From, The Kentucky Citizen Digest, September/October 2003

After eight months of researching studies that have already been done in regions where gambling has been expanded, a work group from The Family Foundation has compiled what it believes to be the four major societal areas that will be most heavily affected by the expansion of gambling in Kentucky. And now, they maintain, is the time to release their findings and challenge the people of Kentucky to act against the perennial legislative idea that government can be funded in a positive way through gambling.

"Every bit of data we have found indicates a sad, but predictable, progression," said Kent Ostrander, executive director of The Family Foundation. "First, families are targeted and they lose heavily. Small business is then affected because families have fewer dollars to spend. Then, several years after the expansion, the character of government is changed as the gambling interests ‘invest’ in political campaigns. And finally, this previously unseen group, which we call ‘the vulnerable,’ begin surfacing, suffering deeply in any number of ways, including child abuse, spouse abuse, divorce, bankruptcy, crime, alcohol and drug abuse and suicide."

Heading the research team was Ivan Zabilka.  Zabilka, who holds three Master degrees and a Ph.D., first became interested in the issue in 1989 when he was teaching math at Bryan Station Middle School in Lexington. "I became deeply concerned about a couple of my students who seemed to be getting sicklier and continually doing poorly with their studies," said Zabilka. "As I looked into their situations I found that their parents had become engrossed in Kentucky’s new lottery and were spending all the family’s food money hoping to get rich. The students were living on one meal a day — school lunch." It was then that he began what he believes will be a life-long search for reality about gambling.

The release of the information at this time, rather than during the legislative session "is just a function of the education process that we’re pursuing," said Zabilka. "We’re hoping to have the average Kentuckian understand what the research establishes, so that when a big-budget media campaign is launched for gambling expansion, it will not have undue influence."

The education effort Zabilka describes includes a library of information placed on the organization’s web site, (www.SayNoCasino.com), an eight-page publication which explains the team’s findings, and a video for use in churches and civic groups. The strategy is two-fold — educate people regarding the issue and ask them to help make a difference in their own community.
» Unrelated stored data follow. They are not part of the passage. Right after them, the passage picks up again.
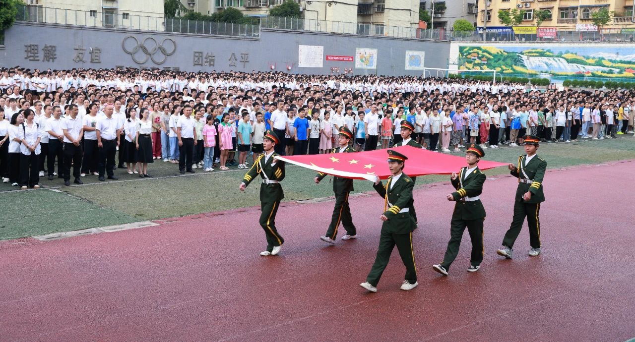 9月10日上午8时,巴中市巴州区第四中学在学校运动场隆重举行2024年秋季学期开学典礼暨庆祝第40个教师节表扬大会。国歌奏响,全场肃穆,国旗护卫队踏着坚毅的步伐缓缓走来。在全校师生的注目礼下,鲜艳的五星红旗伴着骄阳冉冉升起。
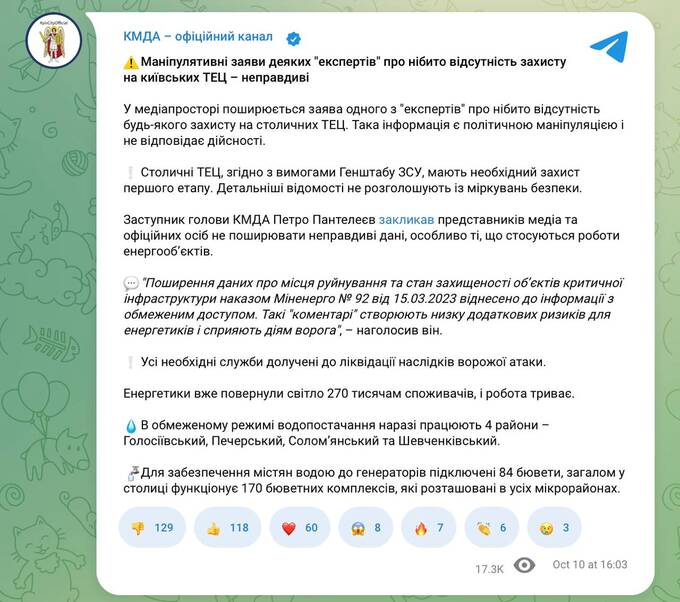 The Kyiv City State Administration emphasized that the statements about the alleged lack of protection at Kyiv’s CHPs are false and a political manipulation. They noted that the capital’s combined heat and power plants have the necessary protection of the first stage, in accordance with the requirements of the General Staff of the Armed Forces of Ukraine, and the dissemination of sensitive information about energy facilities creates risks for energy workers and aids the enemy.
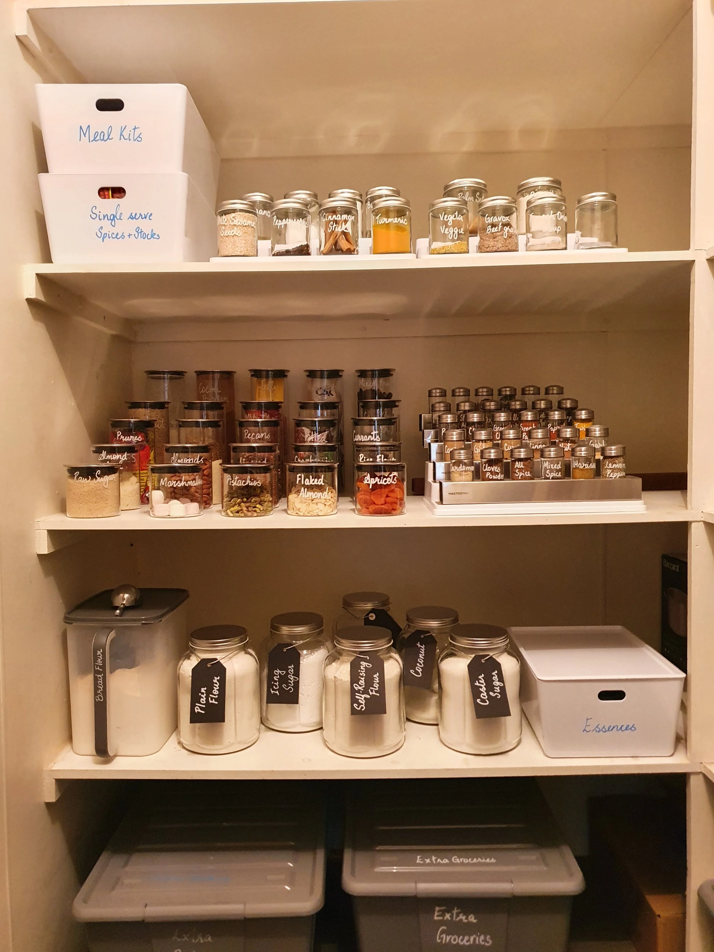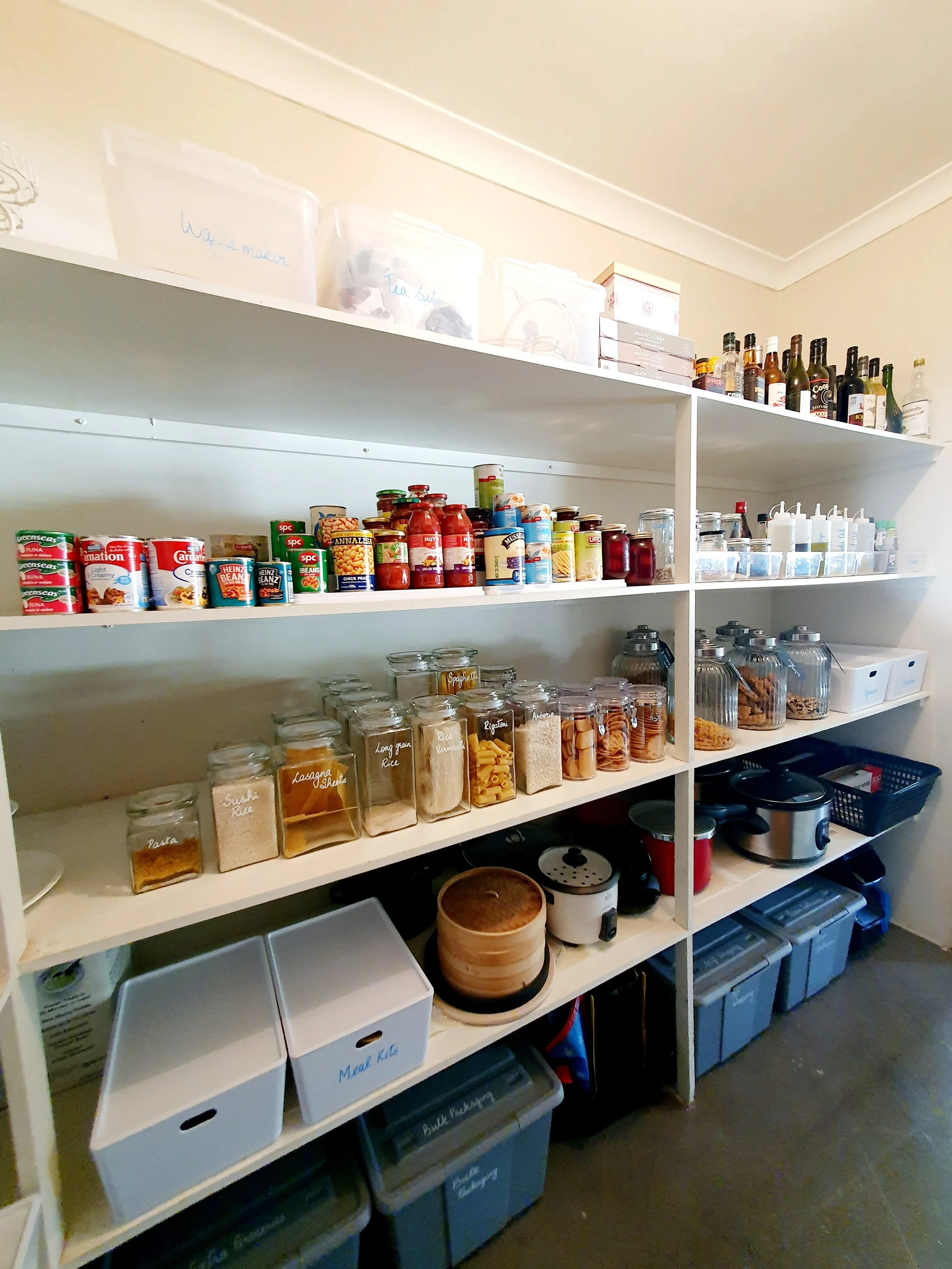 After a deep clean and de-clutter, the pantry now houses only the regularly used items.

The publications and the video are given out at no cost to the recipients.

Though The Foundation staff believe that there will be a number of actions people will need to take over the next several months to continue to defeat the expansion of gambling in Kentucky, only one action is on the horizon: Contact both candidates for governor and ask them to resist any expansion of gambling. "We know both are being courted with campaign donations by the gambling interests," said Ostrander. "But we also know that listening to the people is the best way for either of them to get elected."